Voted #1 Best Children's Museum in the United States in 2025 by Newsweek, Impression 5 Science Center, is a hands-on science museum located in downtown Lansing, Michigan. Formerly known as the Impression 5 Museum, the center is located in a historic wagon works factory on the Grand River. The name, Impression 5, refers to the five senses. The Impression 5 Science Center has ~3,000 Visitors per week.

==History==
The Impression 5 Science Center was founded by Marilynne Eichinger in her basement in Lansing, Michigan, in 1972. Eichinger graduated with a BA in sociology/anthropology from Boston University and an MA in counseling psychology from Michigan State University. As a mother of five she was influenced by the Montessori education her children received as well as the writings of Jean Piaget and Howard Gardner.
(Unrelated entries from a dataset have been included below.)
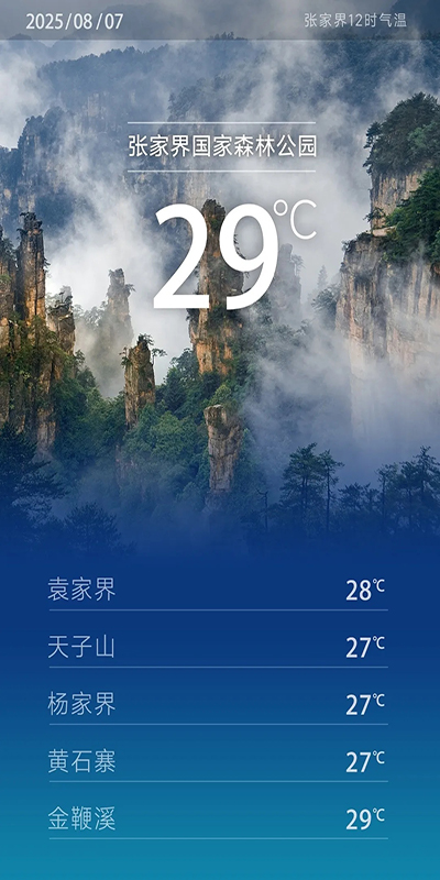 張家界景區(qū)今日天氣預(yù)報(bào)我市處于副高邊緣晴天間多云有陣雨或雷陣雨各大景區(qū)體感相對(duì)舒…
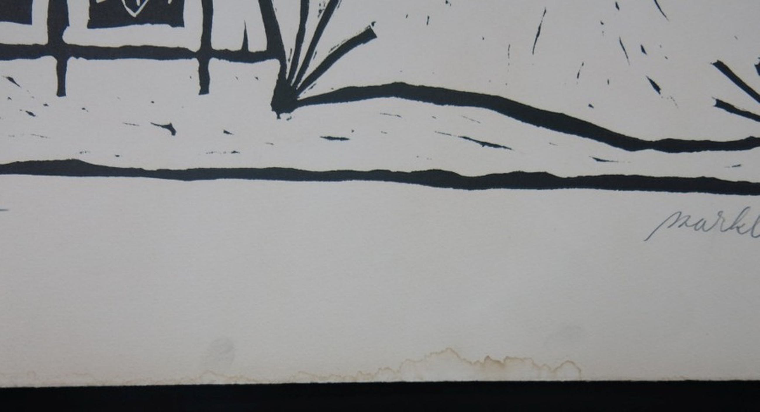 Conditie: In goede staat, maar het blad is egaal vergeeld en heeft in de uiterste onderrand van het blad een vochtvlek (zie foto). Ingelijst niet zichtbaar.
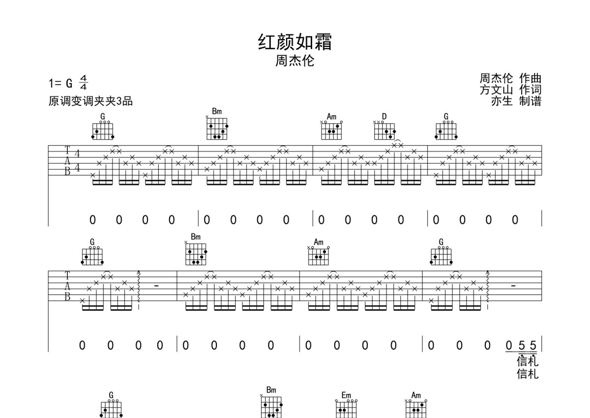 周杰伦《红颜如霜》吉他谱 - G调弹唱六线谱
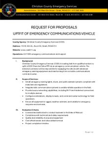 Christian County Emergency Services (CCES) is seeking bids from qualified vendors to upfit a 2026 Chevrolet Tahoe PPV as an emergency communications vehicle. The selected contractor will be responsible for equipping the vehicle with advanced emergency warning equipment and transforming it into a mobile communications command center.
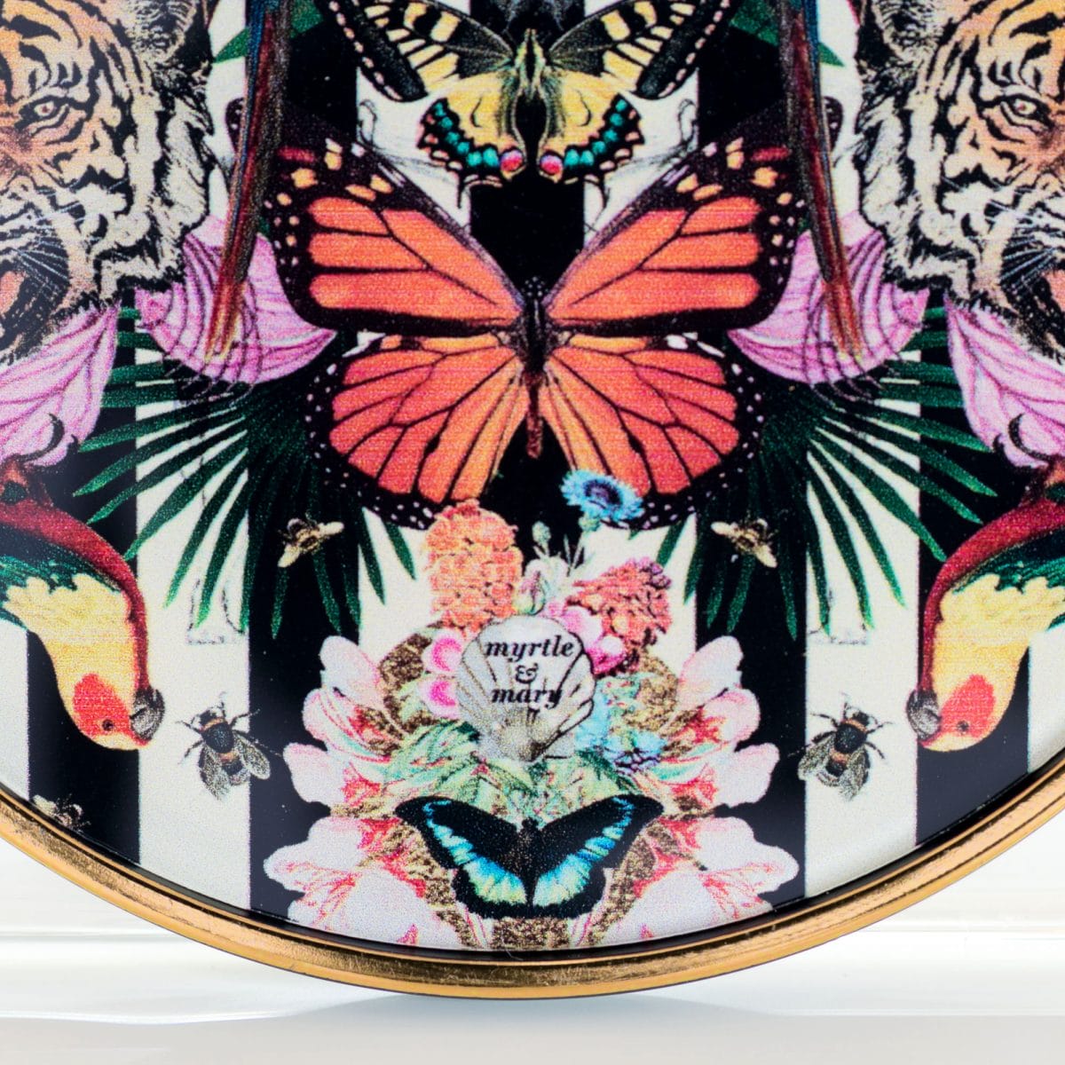 A set of 4 circular black and gold coasters with a Myrtle and Mary Paradise Lost Stripe design, part of our Myrtle and Mary collection of trays and coasters.
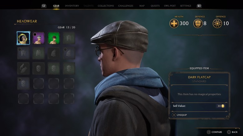 Standard gear is just regular clothing (as you read this article right now, you are probably wearing some standard gear of your own). This gear rarity can be identified by its gray text and dark background. In Hogwarts Legacy, Standard Gear has no magical properties and will not buff your offensive or defensive stats. Standard gear can be sold for 30 Galleons, but in my experience some shops will not even buy Standard gear, as the non-magical items can be traded for zero Galleons in many cases. Either destroy or sell these items, as they will just take up inventory space.
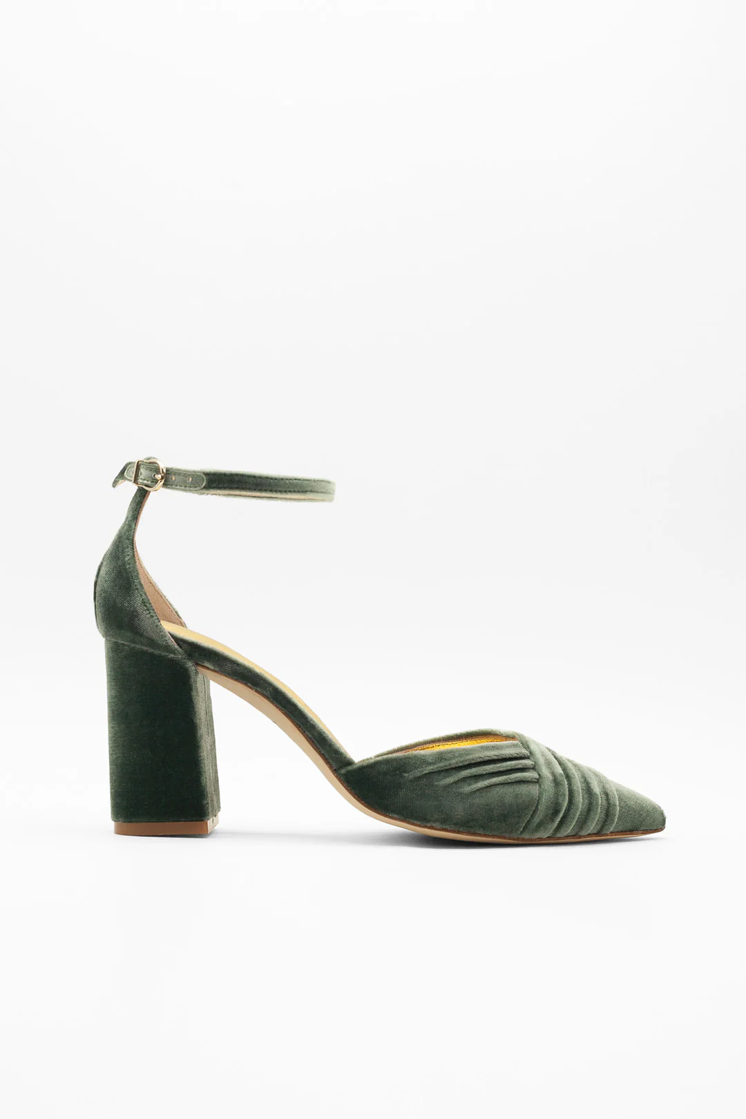 Zapatos de punta elegantes de terciopelo de seda y tacón cómodo bloque de 8 cm.

Much of her life was surrounded by family and friends involved in physics and engineering and Eichinger became interested in developing a way to explain scientific principles that appeared so complex in a way that the general public could understand. She promoted the design and development of hands-on exhibits that challenged visitors thinking processes. The initial goal of Impression 5 was to develop fun, educational exhibits that focused on the five senses. A variety of approaches was offered to take into account individual learning styles.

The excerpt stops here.